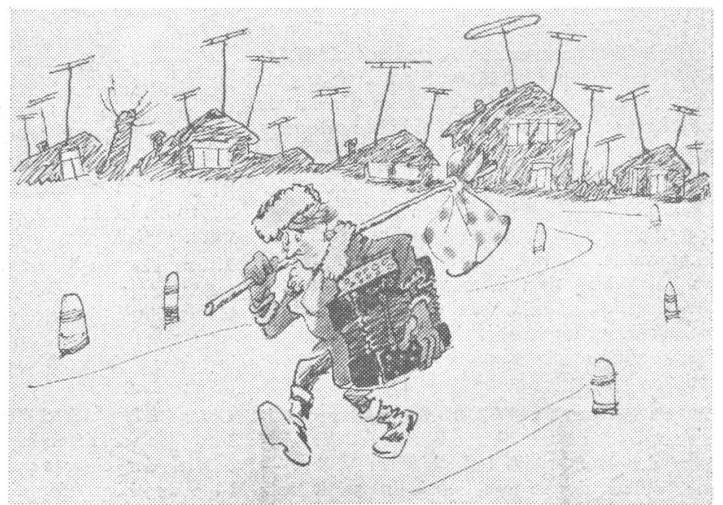
Ein Bild ohne Worte von interessantem Stimmungsgehalt. Der Musiker zieht betrübt ab, weil das TV-ausgestattete Dorf seiner nicht mehr bedarf. Eine unbeschwert positive Karikatur zum glorreichen Triumph der Technik? Oder ist ein erster Ansatz von Wehmut auch schon dabei?
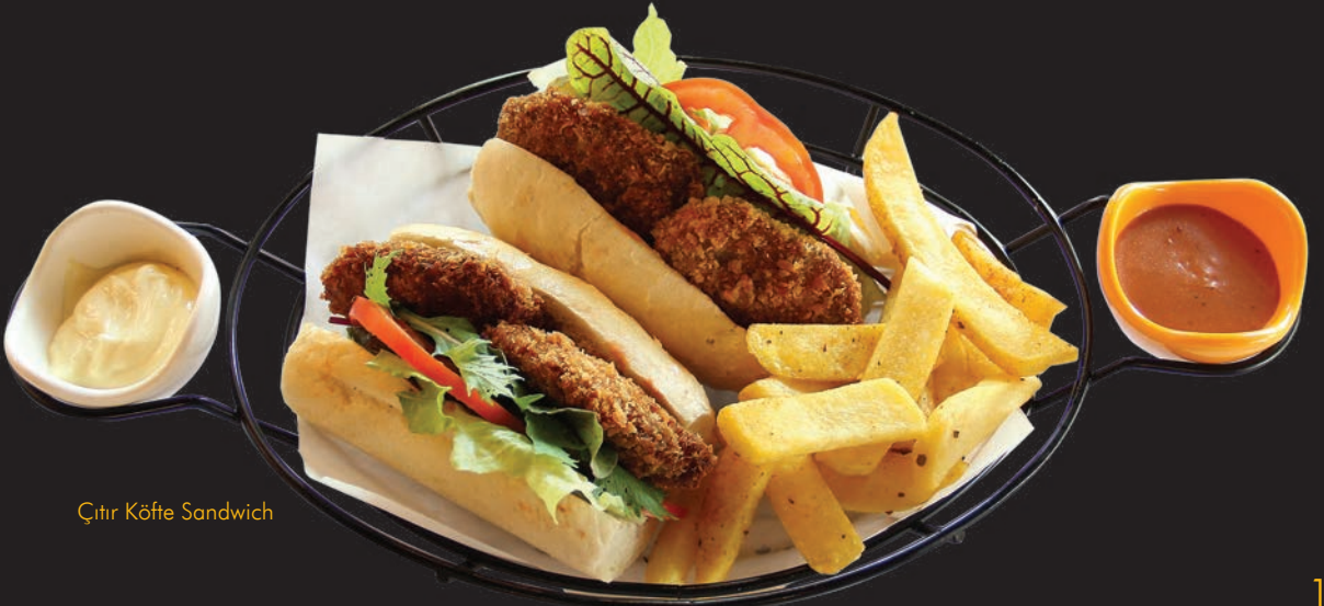
Çıtır Köfte Sandwich
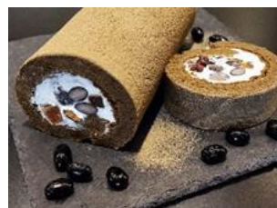
▲丹波黒豆のほうじ茶ロール
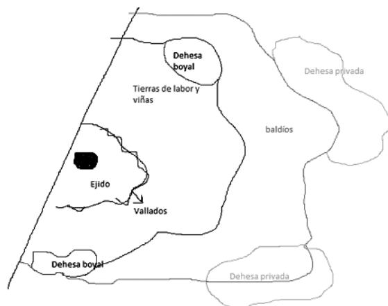
FIGURA 2 ESQUEMA DE LA ORDENACIÓN CLÁSICA DEL TERRAZGO EN EL TÉRMINO DE MÉRIDA

Más allá, hacia los extremos, en los montes y sierras y allí donde la reja y el arado no habían llegado aún, se extendían los baldíos, todos ellos de uso comunal, cuyos aprovechamientos estaban regulados por las ordenanzas municipales y que fueron objeto de expansión para la agricultura cuando se fueron necesitando, dando lugar a un paisaje natural salpicado de rozas y tierras de labor en lugares muy alejados de los núcleos poblados, lo que contribuyó a desdibujar un paisaje rural típico, herencia de los pobladores venidos del norte, que en esta zona, y como consecuencia de la amplitud de términos existentes, extendió el paisaje agrario hacia los extremos mezclado con el bosque, rompiendo el clásico esquema de anillos concéntricos 29 .
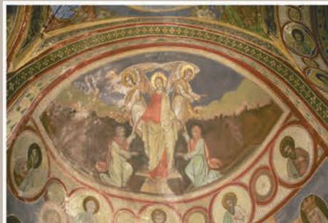
Detalii Boltă Absidă Nord
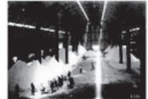
1931年 国産法による窒素肥料の製造に成功 (昭和肥料(株))
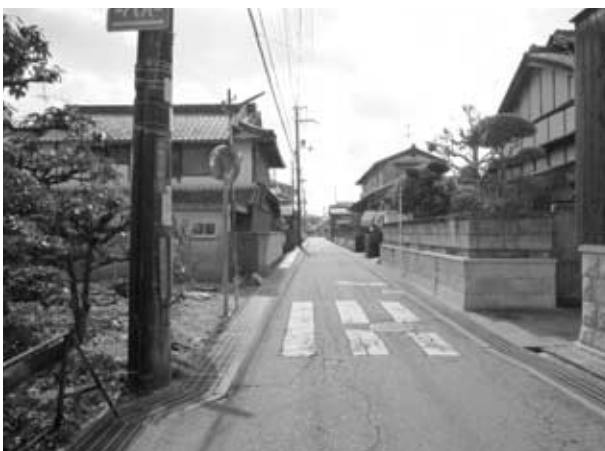
みんなでまちあるき（下牧3丁目地区の調査）
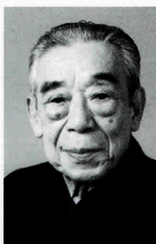
狂言 茂山 千作
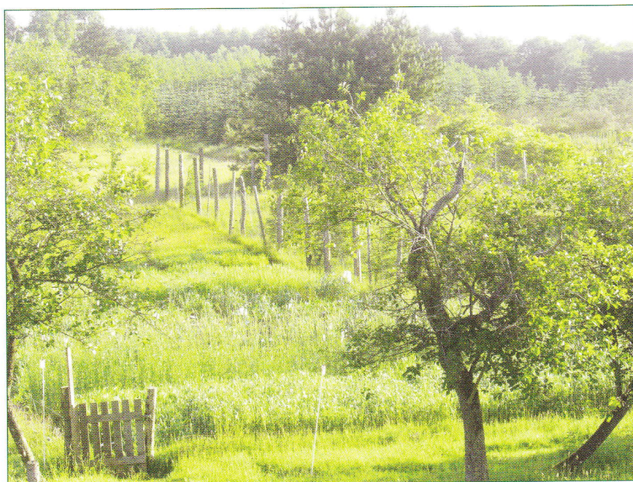
Forsøgshaven med de mange kornsorter

Planteforædling er i dag koncentreret på nogle få firmaer, og udviklingen går fortsat mere og mere i den retning. Bare 10 multinationale firmaer kontrollerer i dag næsten 70% af verdens såsædssalg.
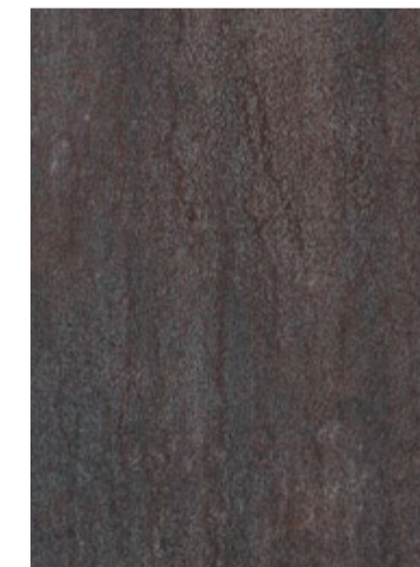
3709 Fer Brossé
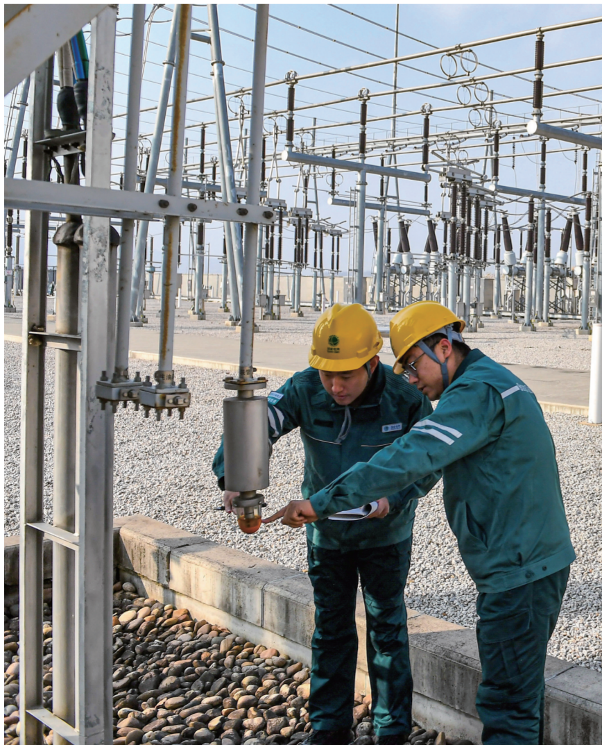
▼在国网吉林供电公司永吉220千伏变电站,变电运维工作人员检查设备运行情况,为千家万户的生产生活用电提供坚实保障。
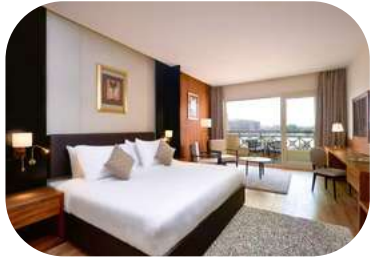
Movenpick Cairo Media City
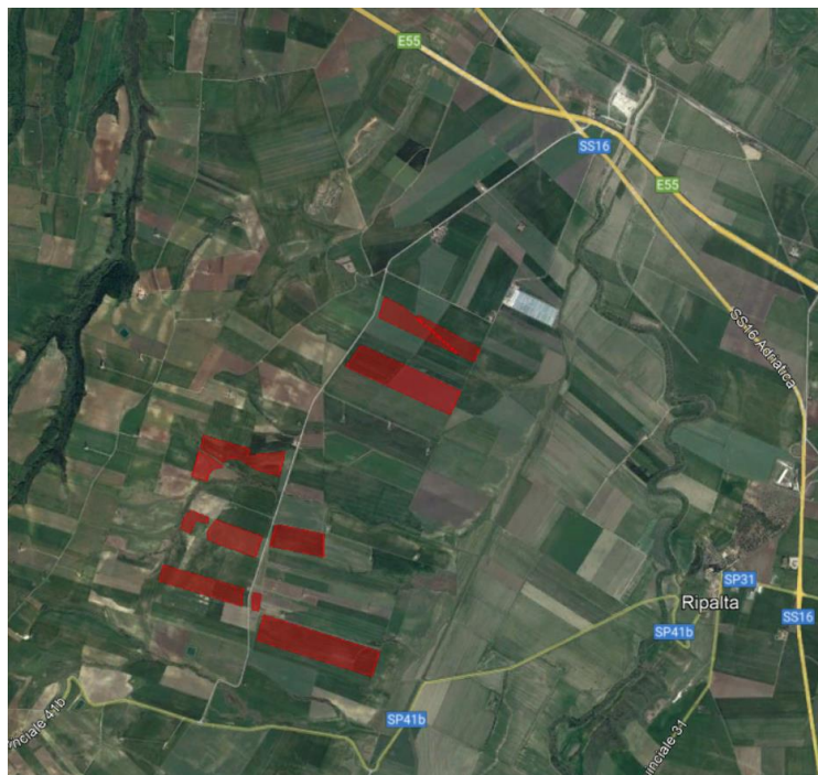
Figura 2.1: Localizzazione dell'area d'intervento. In rosso le sottoaree di progetto.

L'area di intervento complessivamente risulta essere pari a circa 104 ettari complessivi di cui circa 100 ha recintati.
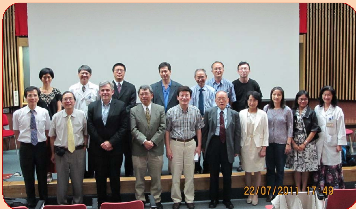
感謝各位大人物的共襄盛舉
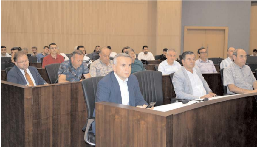
Toplantıda gündem maddeleri görüşülerek karara bağlandı.
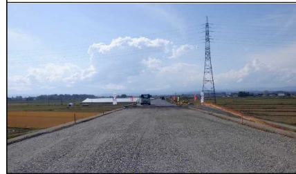
南陽市竹原地内 (小国方向)
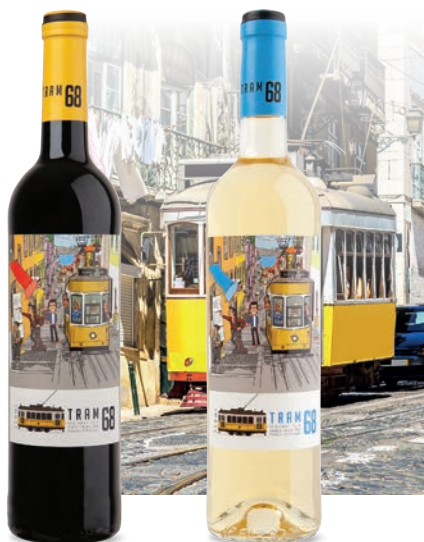
Tram 68 czerwone, wytrawne

#### [EXERCISE OBJECTIVE]
Anywhere the listing shows the word "intervento", copy the full line.

#### [REPLY]
Figura 2.1: Localizzazione dell'area d'intervento. In rosso le sottoaree di progetto.
L'area di intervento complessivamente risulta essere pari a circa 104 ettari complessivi di cui circa 100 ha recintati.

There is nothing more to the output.